Lombanan dan Kabumi adalah respon spiritual masyarakat dimana Lombanan merupakan tradisi masyarakat pesisir yaitu tasyakuran para nelayan yang selama satu tahun telah “bergelut” mencari nafkah di lautan yang luas sehingga wujud dari tasyakurannya disebut Lombanan.

Sedangkan Kabumi adalah respon spiritual masyarakat pegunungan yaitu berupa tradisi tasyakurannya; selama satu tahun mencari nafkah di sawah bertani dan bertenak hewan, yang dalam tradisi desa Geneng Kec. Batealit Kab.
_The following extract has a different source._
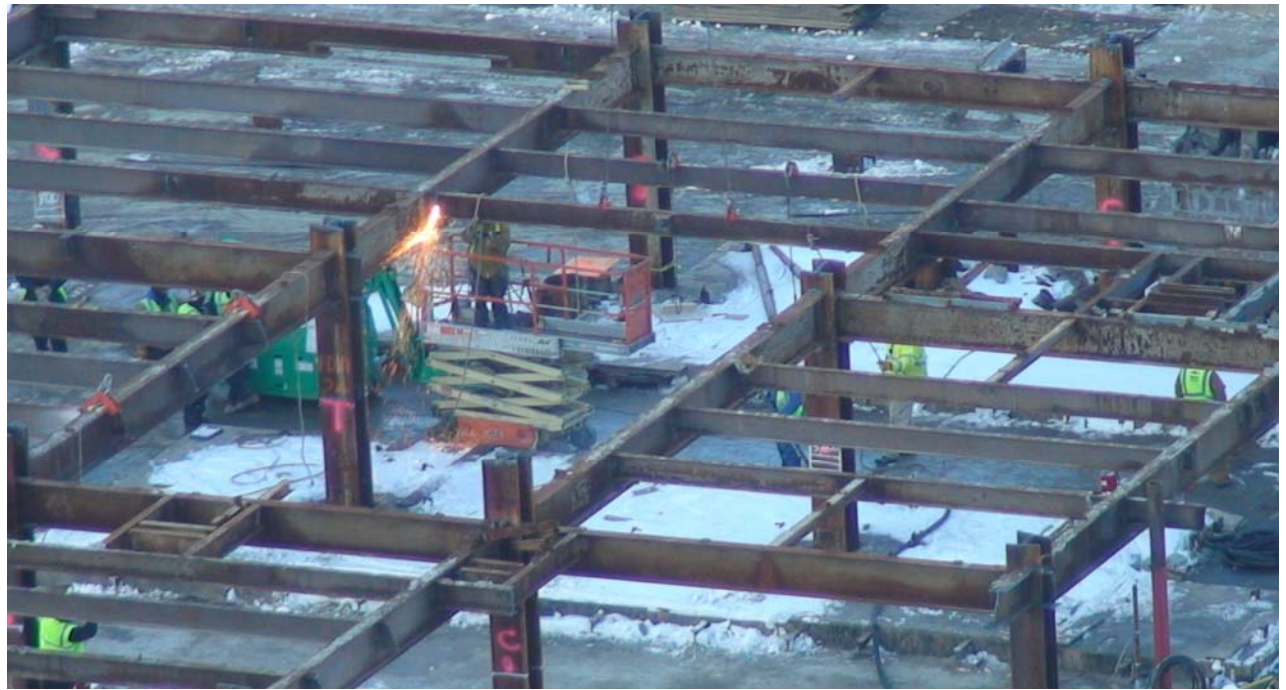
Scissor Lift – used at 130 Liberty Street to hoist welders up to the steel beams.

Jepara menyuguhkan tradisi Pengangon atau Pangangon.
Pangangon adalah sebuah respon spiritual yang berupa “laku keberagamaan” dengan wujud rasa syukur masyarakat desa Geneng yang telah mendapatkan Rojo-Koyo selama setahun baik di sektor pertanian, perkebunan maupun peternakan dengan melalui tradisi Pangangon sehingga masyarakat dapat bertambah maju, sejahtera, bahagia dan berkembang terus menerus

Tafsir Budaya terhadap Teks agama tentang “rasa syukur” ini seperti halnya tradisi budaya Pangangon di Desa Geneng Batealit Jepara adalah tafsir kontekstual yang “melebihi zamannya” yang tidak hanya menggunakan pendekatan personal tapi lebih responsif yaitu menggunakan “pendekatan budaya” yang pelaksanaannya disengkuyung banyak orang, dilaksanakan terus menerus dan selalu up date dari zaman ke zaman.
Dari realitas diatas, memahamkan kepada kita bahwa Nguri-nguri Budaya Nusantara adalah memiliki Nilai Spiritual “Ibadah” karena jika digali dan dipahami secara mendalam ternyata laku spiritual budaya adalah tafsir teks agama yang kontekstual yang mengimplementasikan teks teks agama dalam kehidupan sehari hari secara inspiratif, komunal, budaya dan up date dari zaman ke zaman.